Please refer to FIG. 3. FIG. 3 is an infrastructure diagram illustrating the receiving end of a video phone according to a preferred embodiment of the invention. Compared with the infrastructure of the receiving end 1 of the video phone in FIG. 1, it can be clearly understood from FIG. 3 that the infrastructure of the receiving end 2 of the video phone provided by the invention particularly has an invalid data filtering out layer 2626 added before the multiplexing/demultiplexing layer 1622 of the H.223 protocol 262, to support determining and filtering out the invalid data. The detailed mechanism of the invalid data filtering out layer 2626 will be described below.

Please refer to FIG. 4. FIG. 4 is a flow chart showing the data filtering method according to a preferred embodiment of the invention.
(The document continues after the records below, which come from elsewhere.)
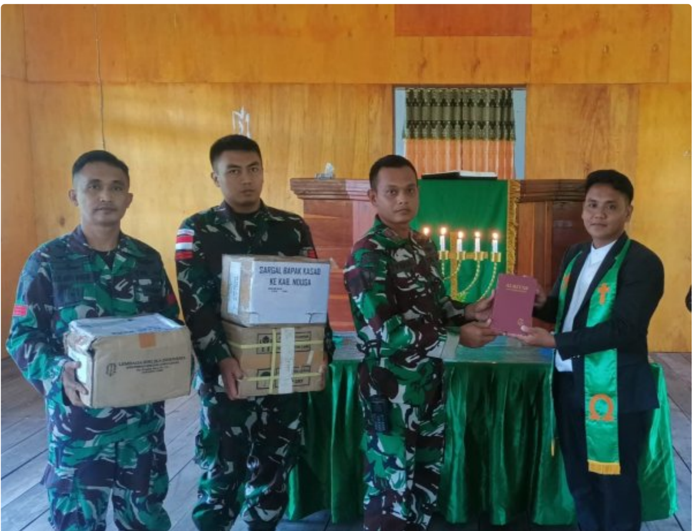
Foto: Satgas Yonif 503/Mayangkara kembali menunjukkan dedikasinya kepada masyarakat di Papua dengan memberikan dukungan alat musik untuk kegiatan ibadah di Gereja GKI Bethesda Batas Batu, Distrik Krepkuri, Kabupaten Nduga. Pada Minggu, 12 Januari 2025.

NDUGA- Satgas Yonif 503/Mayangkara kembali menunjukkan dedikasinya kepada masyarakat di Papua dengan memberikan dukungan alat musik untuk
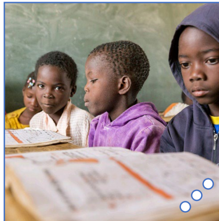
○ ○ Een lach aan de buitenkant, van binnen een ernstig trauma ○ ○
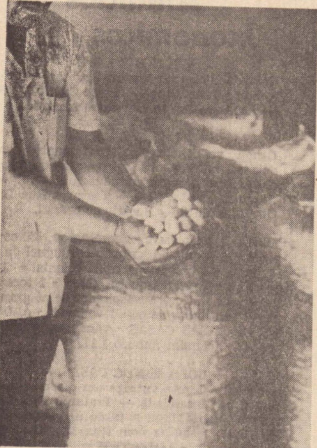
Satisfeito o lavrador exhibe a qualidade dos casulos hoje adquiridos por um bom preço
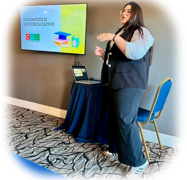
Imagen 1. Análisis de los diagnósticos socioeducativos en el Consejo Técnico de Zona para la elaboración de los Programas de Mejora Escolar.

No obstante, a partir de los diagnósticos socioeducativos realizados en la Zona escolar 8, se identificó como problemática central la dificultad de alumnas y alumnos para trabajar de manera colaborativa, así como limitaciones en la comprensión lectora y el razonamiento lógico-matemático, situación que incide en su desempeño académico y en su participación activa en el aula. A ello, se suma un contexto caracterizado por situaciones de violencia que impactan en la convivencia escolar.
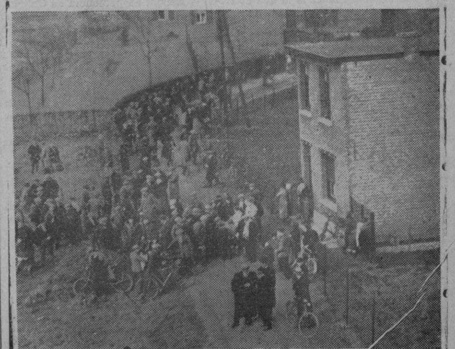
Un equipo de obreros que reparan la vía cerca de Málines, se vieron sorprendidos por el express Bruselas-Amberes. Siete obreros resultaron muertos y varios heridos, Express-Foto.

Di: en estas gentes, que el de más importancia práctica es el llamado "acero VM", que con proporción variable de carbono y 12 a 18 por ciento de cromo, puede templarse y es magnético. Esta clase de acero excepcional puede emplearse hasta a la temperatura de 400 grados C. y se
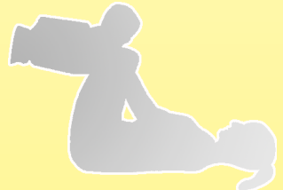
fitdankbaby® MINI / MAXI
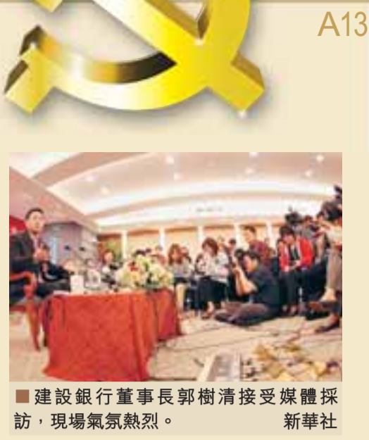
建設銀行董事長郭樹清接受媒體採訪，現場氣氛熱烈。
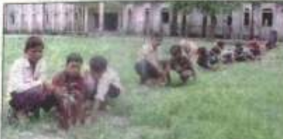
पौधरोपण करते राजकीय अध्यात्म पद्धति विद्यालय के छात्र।
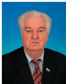
Гостев Руслан Георгиевич, депутат Государственной Думы, член Комитета Государственной Думы по физической культуре и спорту
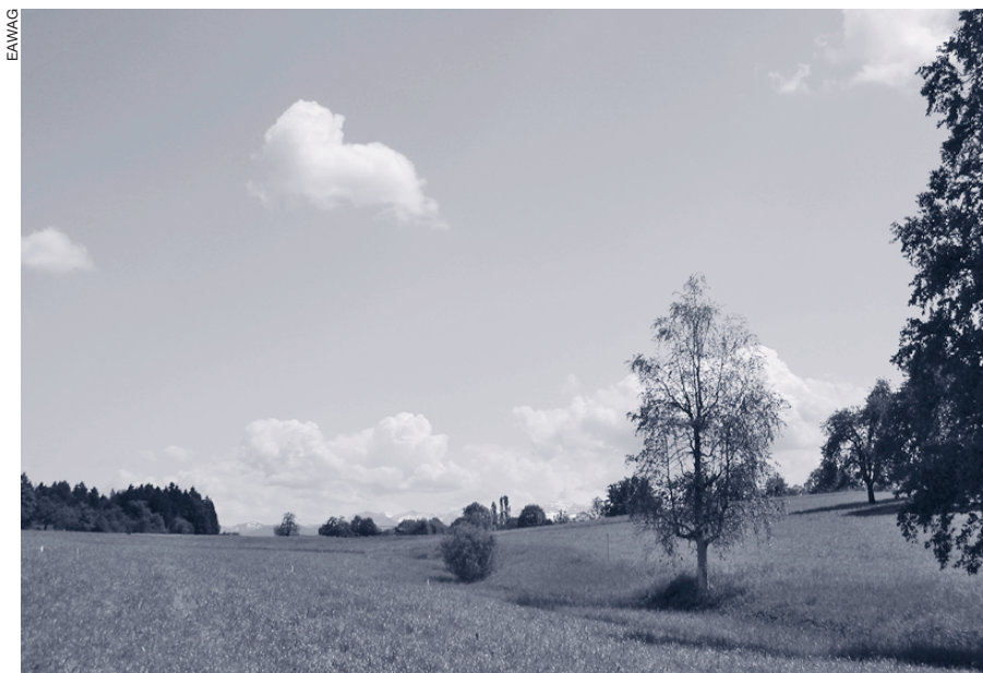
Parcelle expérimentale occupée par une prairie permanente.

La figure 1 indique la teneur en sulfaméthazine du sol avant et après les deux épandages de lisier. Les valeurs représentées correspondent à la valeur moyenne sur l'ensemble de la parcelle aux différentes dates. Etant donné l'hétérogénéité du terrain, il faut s'attendre à observer localement des concentrations jusqu'à cinq fois supérieures à la moyenne. Avant la première application, le sol était exempt de sulfaméthazine. Après ce premier épandage de lisier, la concentration a brusquement augmenté pour rechuter

The data filtering method according to the invention is mainly used for filtering a 3G data stream which is received. The data filtering method of the invention mainly includes the steps below.

As shown in FIG. 4, the data filtering method includes the first step S102: receiving the 3G data stream continually. It should be noted that a 3G data stream or a section of a 3G data stream means for example 3G data continually received, or a group of 3G data received. In general, the step can be achieved by cooperating with a mobile communication device which applies 3G system. For example, the mobile communication device can be a small electronic device with the function of communication, such as a cell phone, a PDA (Personal Digital Assistant), a MID (Mobile Internet Device), an UMPC (Ultra-Mobile PC), etc. It is noted that the foregoing 3G data stream are binary number data. The binary system has base two, and 0 and 1 are the elementary characters. The modem calculators all adopt the binary system because the binary system only uses two digits—0 and 1, which makes it easy to be used and easy to be achieved in electronic form.

Then, the data filtering method according to the invention includes step S104: determining whether the 3G data stream comprises a complete filtering unit. In the embodiment, the foregoing filtering unit includes for example 3G-324M data units. A 3G-324M data unit may include one or more constant filling codes which are filled into the 3G data stream by the 3G-324M protocol. For example, when the compound level is Level 2, a 3G-324M data unit may include constant filling codes such as “E1 4D 00 00 00” or “87 B2 00 00 00”, so as to clearly indicate the data following the 3G-324M data unit pertain to 3G-324M protocol.

In more detail, by continually transmitting data in the form of data stream with the 3G-324M protocol e.g., transmitting 160 bytes within an interval of 20 ms, the transmitting rate of the transmitting end can be maintained at the constant 64K bit/s data rate. Because the data is transmitted in the form of data stream by the transmitting end participating in communication, it is unrealistic and feckless to transmit the data by a transmission unit of a data frame as large as for example 600K bits. Therefore, a feasible method is to divide the data frame into M transmission units and then transmit each of the transmission units respectively to the receiving end participating in the communication. Each transmission unit is a foregoing complete filtering unit, and each complete filtering unit includes at least a foregoing 3G-324M data unit. In addition, each transmission unit includes one or more specific marks, such as a mark indicating the rank of the transmission unit arising out of division of the original data frame.

Besides, it is specially noted that after affirming that the received 3G data stream comprises a complete filtering unit, a 3G data stream or a section of the 3G data stream described in the following steps of the invention refers to a complete filtering unit.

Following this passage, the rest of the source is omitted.